Indian singer, anchor and producer

Neha Rajpal (née Chandna) (born 23 June 1978) is a producer, singer and anchor in the Indian music industry, Hindi films, and especially the Marathi regional music industry. Winner of the prestigious Hindi Zee TV reality Music show – Saregamapa in 2004 Neha has also performed in various other Indian languages including Bengali, Kannada, Telugu, Sindhi, Gujarati and Chhattisgarhi.
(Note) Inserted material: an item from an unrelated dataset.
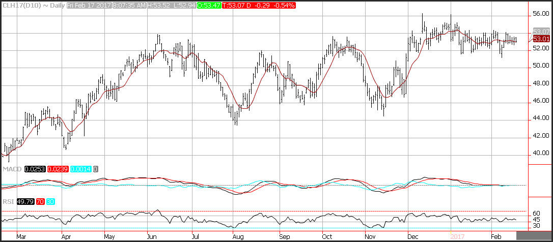 WTI crude prices are off on Friday but continue to consolidate near the 53 handle. The revelation of record crude and gasoline inventories this week in the U.S., along with continued signs of rising production in North America, have had a capping influence on the market in the face of OPEC-led supply trimming. Crude prices continue the historically usual path of stability, though sooner or later the volatility associated with this market will assuredly return.

Neha spells her name as 'Nehha'. Neha has produced her maiden Marathi film PhotoCopy under the banner "Neha Rajpal Productions" in association with Viacom18. The film written by national award winner Vijay Maurya and Yogesh Vinayak Joshi released in 2016. Its music was highly appreciated and it went on to win the best music album of the year (Listeners Choice)
 against blockbuster like Sairat. She sang the 'Sridevi' Hindi dubbed song of Telegu movie Waltair_Veerayya composed by Pushpa movie director Devi_Sri_Prasad and picturised on Superstar Cheeranjivi and Shruti Hassan

== Education ==
She was born on 23 June 1978 in Dombivli, Maharashtra, India, and did her schooling in Model English School,
Pandurangwadi and went on to become a medical professional. She is an MBBS doctor by qualification.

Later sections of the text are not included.